If all of this sounds like it's either deeply esoteric or painfully academic, you might start by boning up on what optimizers like this do and what they're good for. I recommend John W. Chinneck's "Practical Optimization: A Gentle Introduction" and the Cassowary paper that got me into all of this: "Constraint Cascading Style Sheets for the Web"

Getting Started Under Node

Cassowary is distributed as an NPM package and can be added as a dependency or used under node in the usual way. Using Cassowary under node is as simple as:

// The entire API is exported by the cassowary object
var c = require("cassowary");

var solver = new c.SimplexSolver();
var x = new c.Variable({ value: 167 });
var y = new c.Variable({ value: 2 });
var eq = new c.Equation(x, new c.Expression(y));
// ...

The current low (sub 0.1) version number reflects the instability of the API. Also, note that the NPM package includes no tests or demos. For those, clone the github repo.

To make an NPM package from sources, clone the github repo, follow the below instructions for installing dependencies, and run make dist. This is the same process the maintainers use to package NPM releases.

Getting Started From Source

This repo pulls in other Git repositories through submodules and pulls in intern for testing via npm. After cloning the repo, run:

$ git submodule update --init
$ npm install

To run the tests, point your thorougly modern browser at tests/unittests.html?config=tests/intern and view the console. You can also check out demos/quad/quaddemo.html.

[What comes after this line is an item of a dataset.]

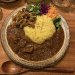 お昼のカレーを担当するのは若きシェフ。音楽活動を続けながらビストロで修行し、間借りカレーを経てこちらのランチタイムのカレーシェフとなったそうです。音楽とカレーの関係の深さは知る人ぞ知るところ。人気カレー店のシェフには元ミュージシャンが数多く存在し、楽曲の作り方とカレーの作り方は似ているという話もよく聞かれますが、こちらのカレーもアーティスティックな雰囲気を感じるものなのです。
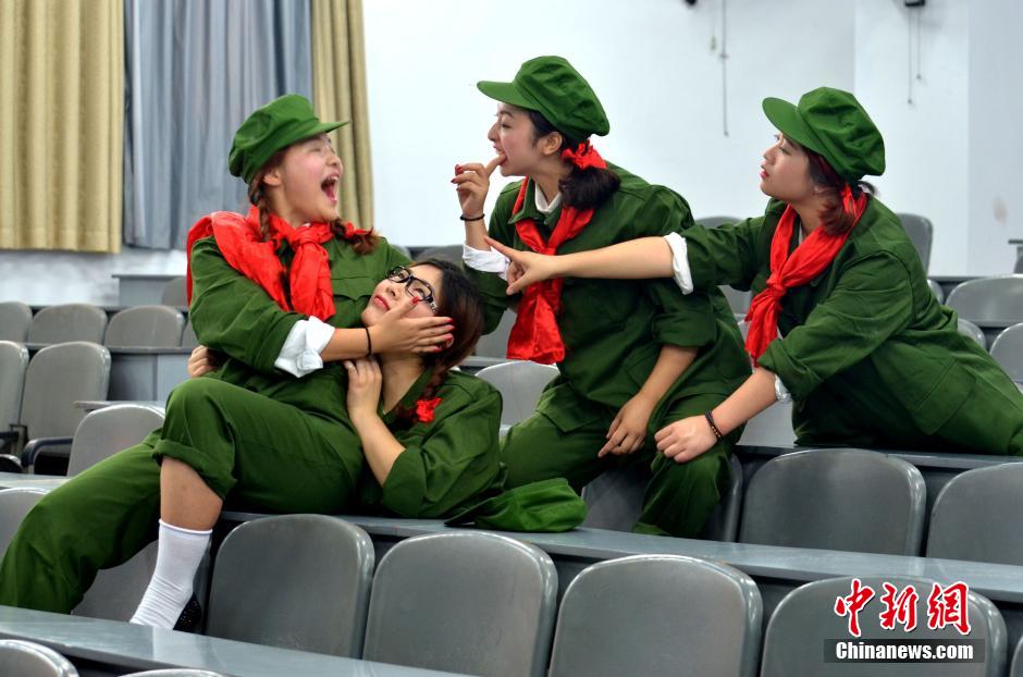 Several senior students wearing safety and industrial costumes take photos in Sichuan Arts and Science University. (CNS/Zhang Ji)

Running tests from the command line requires Node. Once you've installed Node, run:

$ npm test

> cassowary@0.0.2 test /Users/bitpshr/Projects/cassowary.js
> node node_modules/intern/client.js config=tests/intern

Defaulting to "console" reporter


121/122 tests passed

If you have a working make, a Makefile is provided with a test target that does the same thing. The Makefile also provides a make build target which generates a new minified bin/c.js binary out of the files in src/. It requires Python and isn't something you should need to do manually as it's not reqired to run tests or use the solver. The checked-in binary should always be up-to-date (or at some checkpoint which is known-good), so use it in your projects instead of the source versions.

Supported Runtimes

This refactoring currently runs in:

  • Chrome
  • Firefox 9+
  • Opera 11+
  • Safari 5+
  • IE 9+
  • Command-line:
    • V8 (d8 shell)
    • JSC (built into OS X)
    • Rhino (Java) js.jar included in checkout

This is an unapologetically modern reinterpretation optimized for size, low complexity, and speed. It will not work on old versions of IE.


// Log general debugging information
c.debug = [ false || true ]; // default false
// Detailed logging
c.trace = [ false || true ]; // default false
// Verbose logging
c.verbose = [ false || true ]; // default false
// Logging of tableau additions
c.traceAdded = [ false || true ]; // default false
// Logging of ...?
c.GC = [ false || true ]; // default false

Current Build Status

Binary versions of the solver that work in both the browser and under node are available in the bin/ directory and are updated frequently. Tests are run on each commit via Travis CI:

Build Status

Pull requests that do not include tests or break the build will be denied or reverted, respectively.